» **Assignment**:
Could you copy exactly the lines below from the one with "Napájení pomocí 230V" to the one with "Lo primero que", inclusive, leaving out any pictures?

» **Extracted material**:
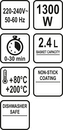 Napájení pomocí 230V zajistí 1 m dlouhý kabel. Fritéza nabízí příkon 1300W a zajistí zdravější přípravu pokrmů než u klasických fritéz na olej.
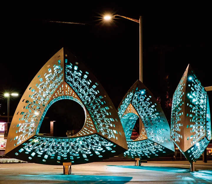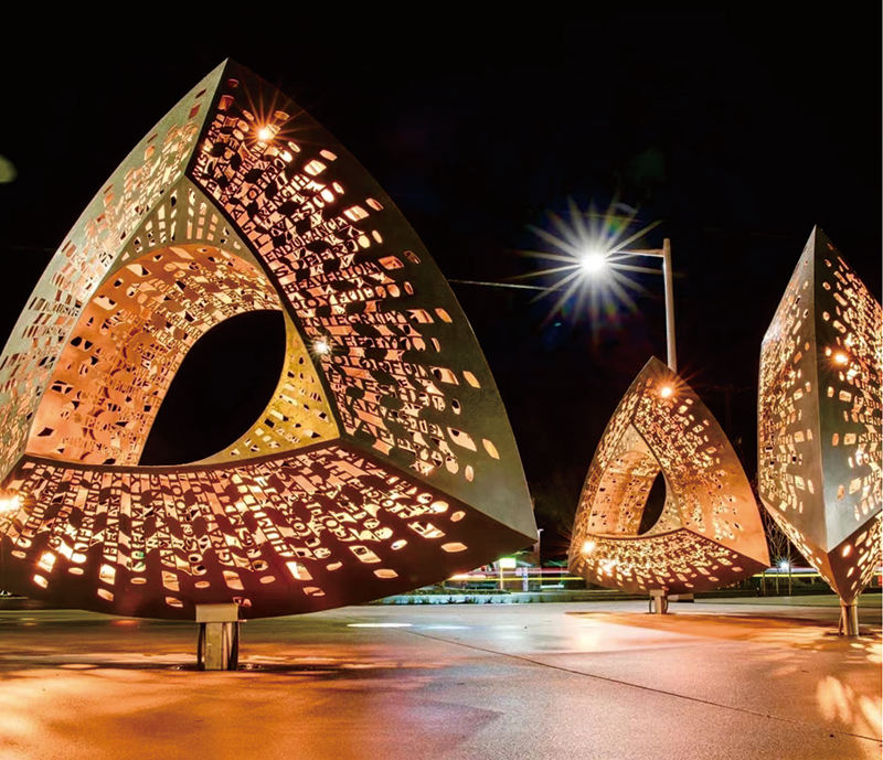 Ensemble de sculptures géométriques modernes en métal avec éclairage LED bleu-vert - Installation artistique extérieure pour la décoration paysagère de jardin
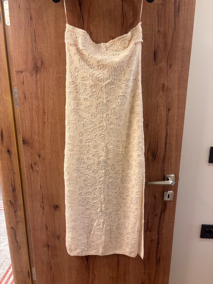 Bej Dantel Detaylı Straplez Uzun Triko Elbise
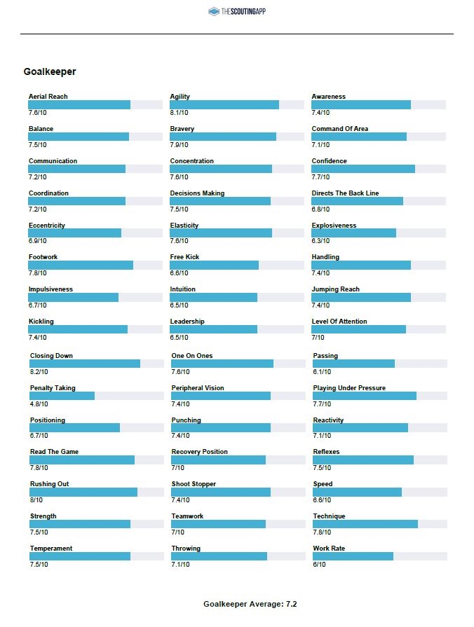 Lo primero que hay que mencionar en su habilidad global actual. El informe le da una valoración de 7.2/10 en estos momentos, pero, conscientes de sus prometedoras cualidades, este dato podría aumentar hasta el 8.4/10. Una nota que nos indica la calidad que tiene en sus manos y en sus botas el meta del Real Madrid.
---
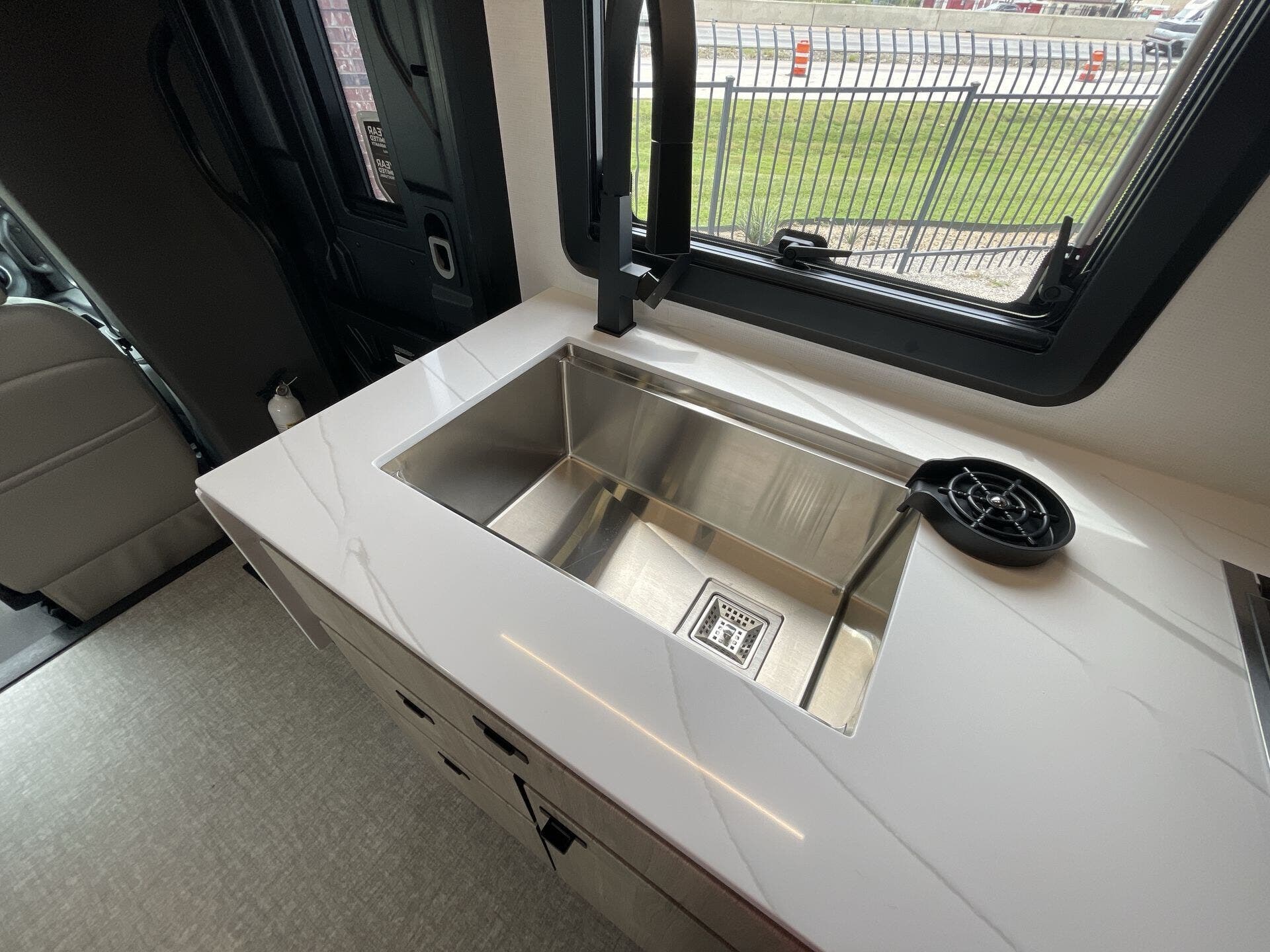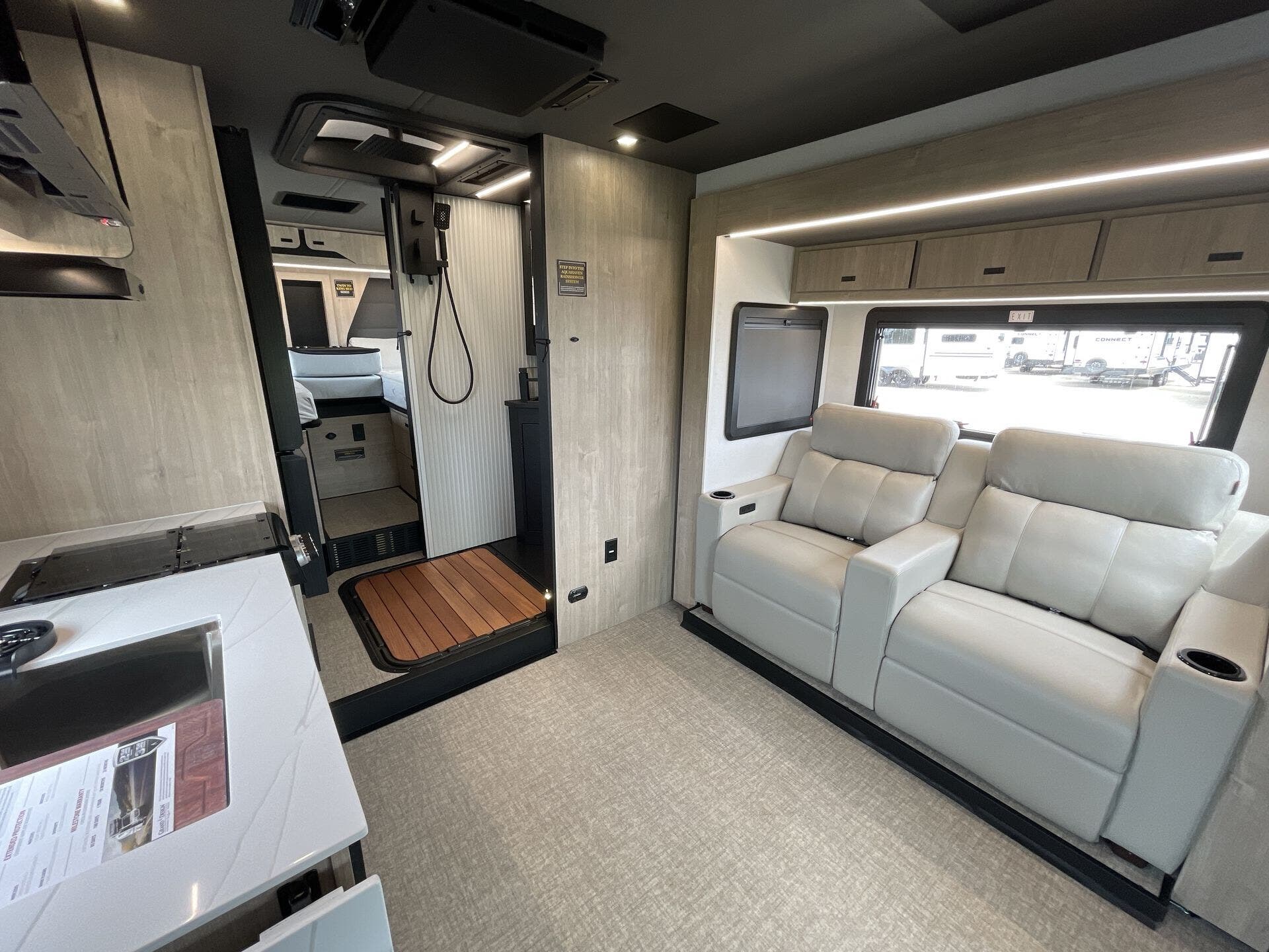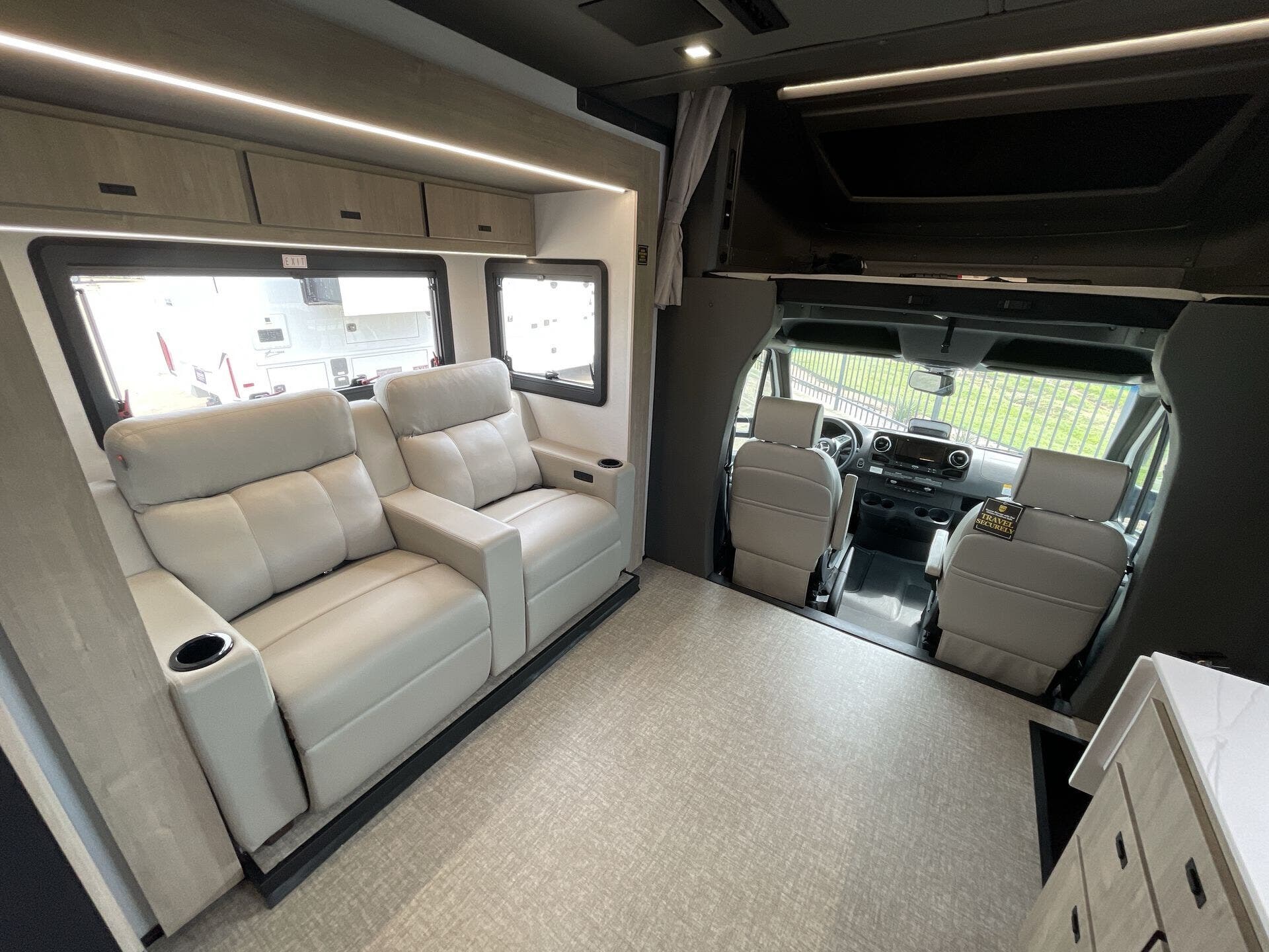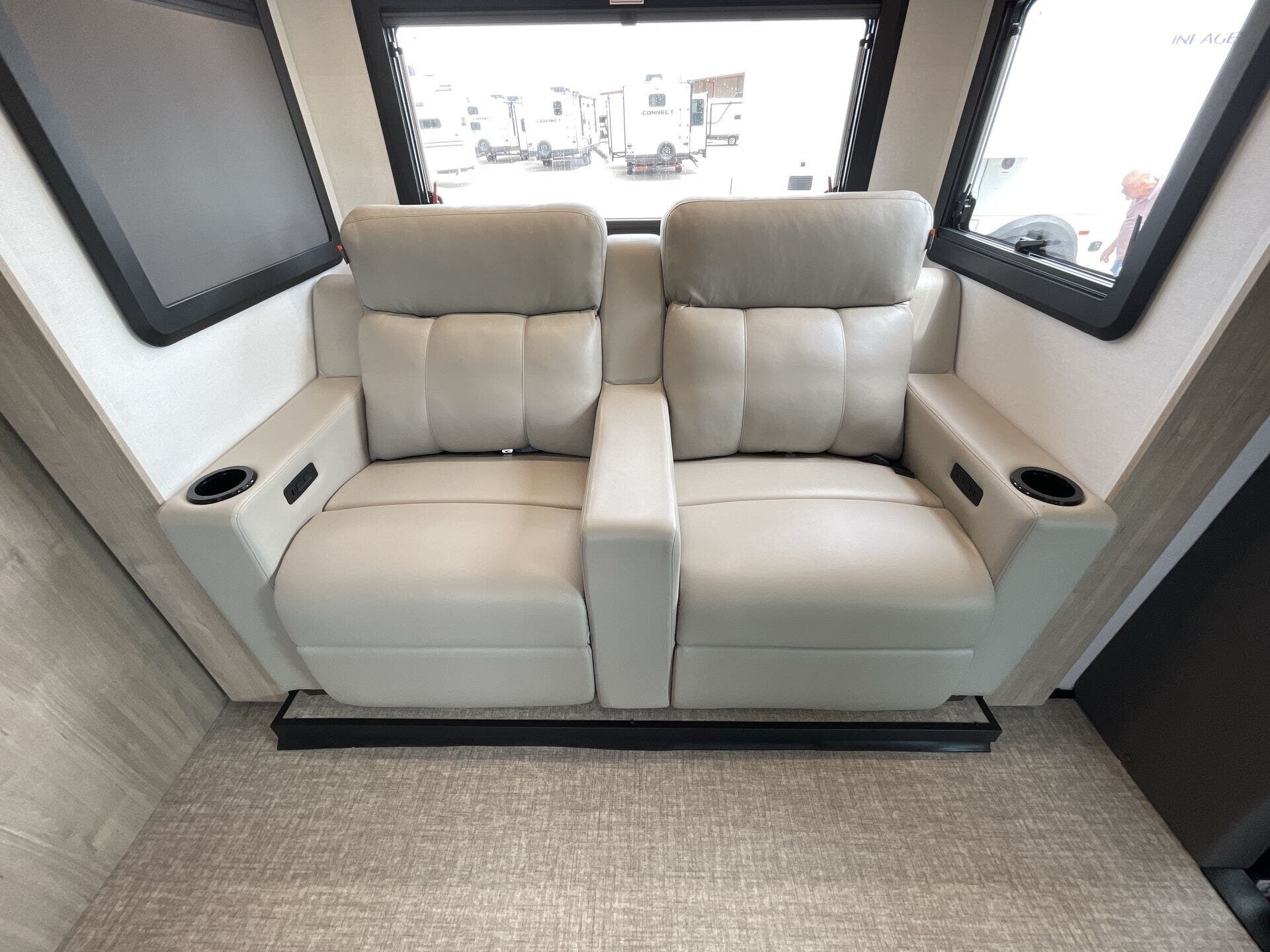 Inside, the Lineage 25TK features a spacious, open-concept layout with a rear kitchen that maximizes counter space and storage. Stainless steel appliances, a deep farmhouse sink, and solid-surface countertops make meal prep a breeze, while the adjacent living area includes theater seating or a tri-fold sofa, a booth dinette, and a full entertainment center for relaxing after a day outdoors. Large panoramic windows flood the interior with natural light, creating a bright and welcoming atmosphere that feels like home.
* * *
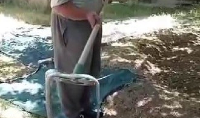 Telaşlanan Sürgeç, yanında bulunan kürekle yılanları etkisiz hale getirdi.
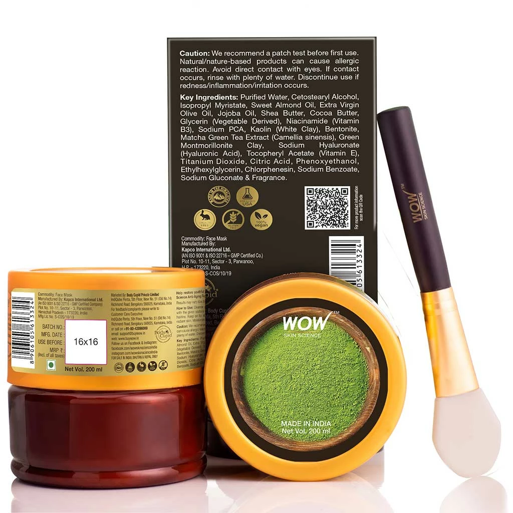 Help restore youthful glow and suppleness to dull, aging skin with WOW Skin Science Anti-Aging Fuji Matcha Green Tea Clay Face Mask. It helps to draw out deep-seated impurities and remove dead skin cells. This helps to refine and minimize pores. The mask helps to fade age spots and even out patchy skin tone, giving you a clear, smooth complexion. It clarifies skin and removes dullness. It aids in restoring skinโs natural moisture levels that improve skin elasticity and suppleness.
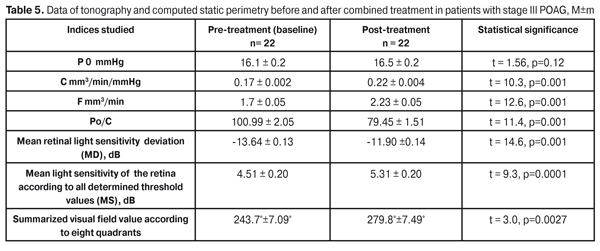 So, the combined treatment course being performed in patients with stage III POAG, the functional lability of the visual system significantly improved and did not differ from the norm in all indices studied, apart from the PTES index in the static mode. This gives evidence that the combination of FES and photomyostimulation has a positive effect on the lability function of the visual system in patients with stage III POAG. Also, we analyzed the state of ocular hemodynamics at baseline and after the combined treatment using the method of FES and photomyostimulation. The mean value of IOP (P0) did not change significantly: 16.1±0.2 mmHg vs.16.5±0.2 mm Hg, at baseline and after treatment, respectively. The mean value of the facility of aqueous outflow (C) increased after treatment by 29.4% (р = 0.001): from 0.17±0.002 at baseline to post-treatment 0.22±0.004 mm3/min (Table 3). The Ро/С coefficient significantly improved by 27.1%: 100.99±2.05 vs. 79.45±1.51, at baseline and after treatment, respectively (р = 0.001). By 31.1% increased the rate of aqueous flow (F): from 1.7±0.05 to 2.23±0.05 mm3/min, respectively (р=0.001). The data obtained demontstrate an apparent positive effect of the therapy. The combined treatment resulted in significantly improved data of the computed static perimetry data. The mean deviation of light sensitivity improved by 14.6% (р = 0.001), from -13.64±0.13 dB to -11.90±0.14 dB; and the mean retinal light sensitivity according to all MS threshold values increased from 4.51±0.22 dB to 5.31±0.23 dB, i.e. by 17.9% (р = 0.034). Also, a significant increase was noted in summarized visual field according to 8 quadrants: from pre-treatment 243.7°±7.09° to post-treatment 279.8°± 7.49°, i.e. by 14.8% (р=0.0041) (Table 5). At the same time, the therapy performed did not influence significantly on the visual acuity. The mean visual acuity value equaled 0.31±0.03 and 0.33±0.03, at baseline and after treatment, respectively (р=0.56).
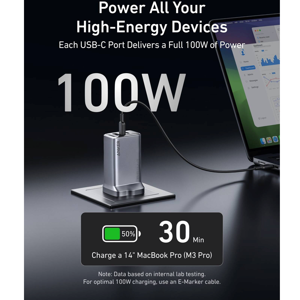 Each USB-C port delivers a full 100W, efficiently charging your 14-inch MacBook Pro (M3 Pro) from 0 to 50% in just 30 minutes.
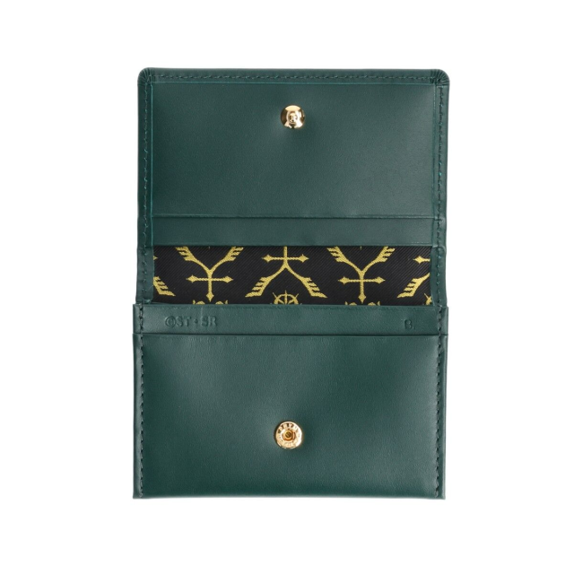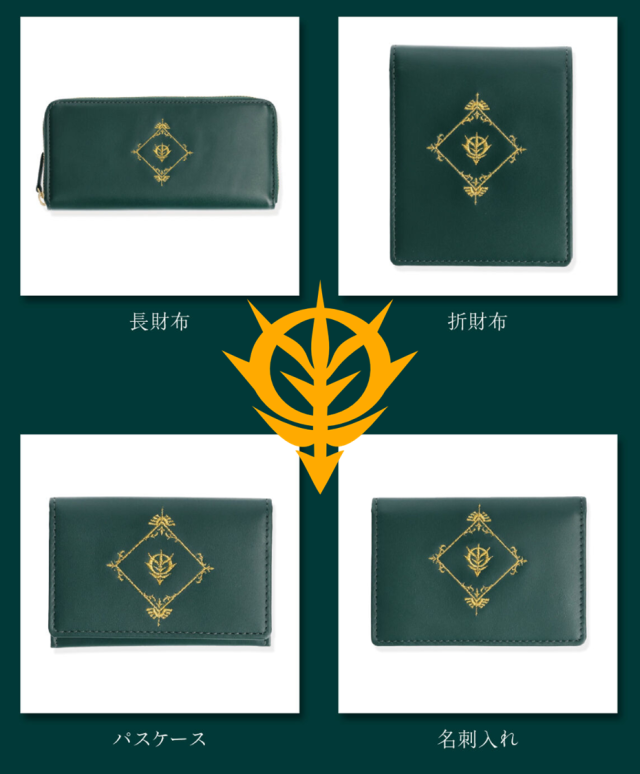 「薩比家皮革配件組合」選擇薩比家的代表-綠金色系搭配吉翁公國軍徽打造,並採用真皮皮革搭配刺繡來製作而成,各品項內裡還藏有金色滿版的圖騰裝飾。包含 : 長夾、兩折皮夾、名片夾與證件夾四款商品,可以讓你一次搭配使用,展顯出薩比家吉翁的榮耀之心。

» **Task answer**:
 Napájení pomocí 230V zajistí 1 m dlouhý kabel. Fritéza nabízí příkon 1300W a zajistí zdravější přípravu pokrmů než u klasických fritéz na olej.
 Ensemble de sculptures géométriques modernes en métal avec éclairage LED bleu-vert - Installation artistique extérieure pour la décoration paysagère de jardin
 Bej Dantel Detaylı Straplez Uzun Triko Elbise
 Lo primero que hay que mencionar en su habilidad global actual. El informe le da una valoración de 7.2/10 en estos momentos, pero, conscientes de sus prometedoras cualidades, este dato podría aumentar hasta el 8.4/10. Una nota que nos indica la calidad que tiene en sus manos y en sus botas el meta del Real Madrid.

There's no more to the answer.